**Entries supplied**

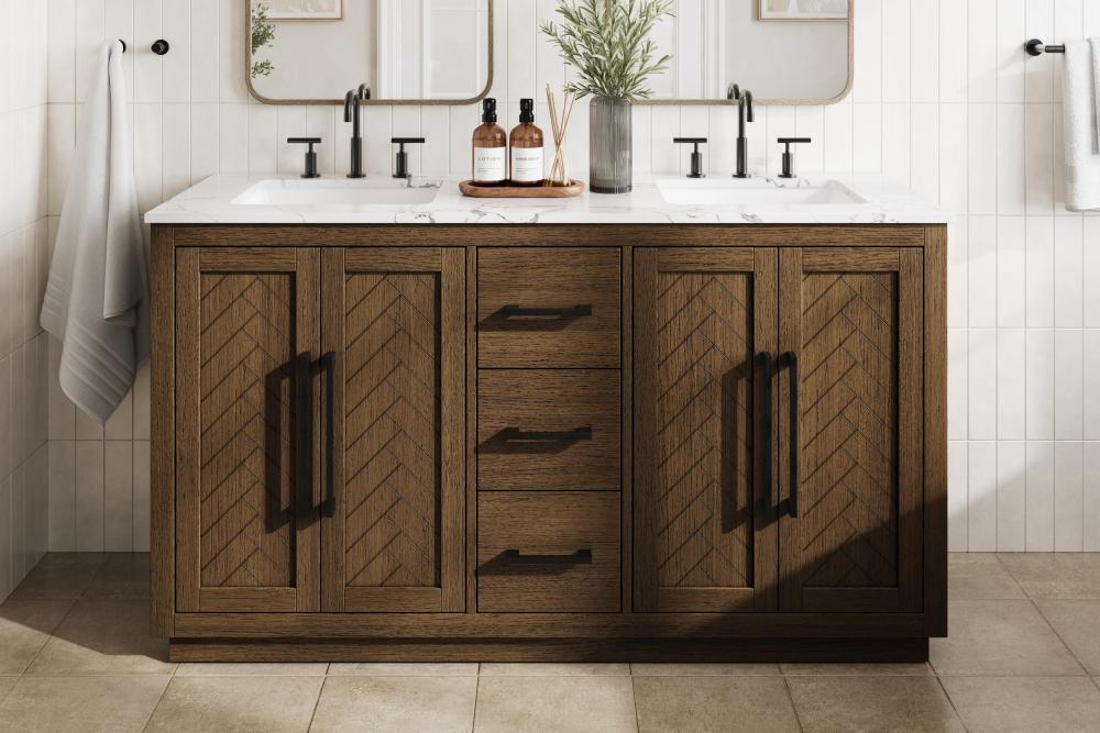 Each finish enhances the unique herringbone design on the Shaker-style door panels, adding a touch of craftsmanship and texture that elevates the overall design of the vanity.
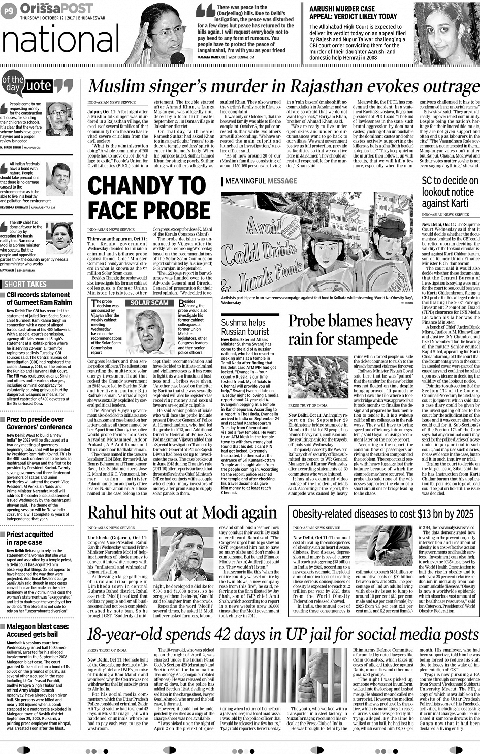 OrissaPost Page: 9 October 12, 2017 << First << 9 >> Last >> Page 1Page 2Page 3Page 4Page 5Page 6Page 7Page 8Page 9Page 10Page 11Page 12Page 13Page 14Page 15Page 16 × OrissaPost B1B2B3B4B5B6B7B8B9B10B11B12B13B14B15B16 << First << 9 >> Last >> B1B2B3B4B5B6B7B8B9B10B11B12B13B14B15B16
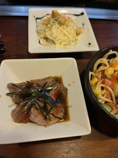 今回は選べるちょこっと3品、牛たたきと牛たたきユッケ風、スモークチーズを頂きました。あとは餃子と鶏ハラミナンコツのちょっと辛いエスニック風のとたこぶつに塩バター焼きそばとミックスお好み焼きを頂きました。
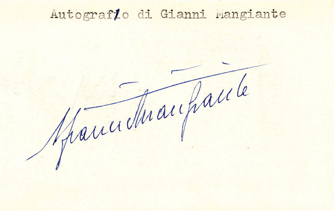 (1893-1967) Karteikarte mit original Signatur von Giovanni Mangiante (ITA). Goldmedaille im Mehrkampf II mit Italien. 10x6 cm.
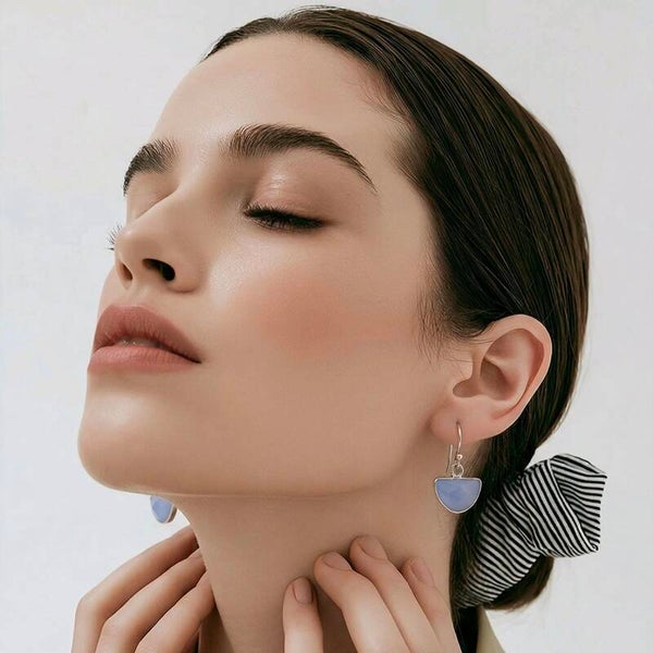 Pendientes tipo gancho en plata 925 con pieza de piedra natural de calcedonia facetada, en un precioso tono azul.

**Directions for this task**
Repeat each line of the material exactly, and drop any image it carries.

**Task response**
 Each finish enhances the unique herringbone design on the Shaker-style door panels, adding a touch of craftsmanship and texture that elevates the overall design of the vanity.
 OrissaPost Page: 9 October 12, 2017 << First << 9 >> Last >> Page 1Page 2Page 3Page 4Page 5Page 6Page 7Page 8Page 9Page 10Page 11Page 12Page 13Page 14Page 15Page 16 × OrissaPost B1B2B3B4B5B6B7B8B9B10B11B12B13B14B15B16 << First << 9 >> Last >> B1B2B3B4B5B6B7B8B9B10B11B12B13B14B15B16
 今回は選べるちょこっと3品、牛たたきと牛たたきユッケ風、スモークチーズを頂きました。あとは餃子と鶏ハラミナンコツのちょっと辛いエスニック風のとたこぶつに塩バター焼きそばとミックスお好み焼きを頂きました。
 (1893-1967) Karteikarte mit original Signatur von Giovanni Mangiante (ITA). Goldmedaille im Mehrkampf II mit Italien. 10x6 cm.
 Pendientes tipo gancho en plata 925 con pieza de piedra natural de calcedonia facetada, en un precioso tono azul.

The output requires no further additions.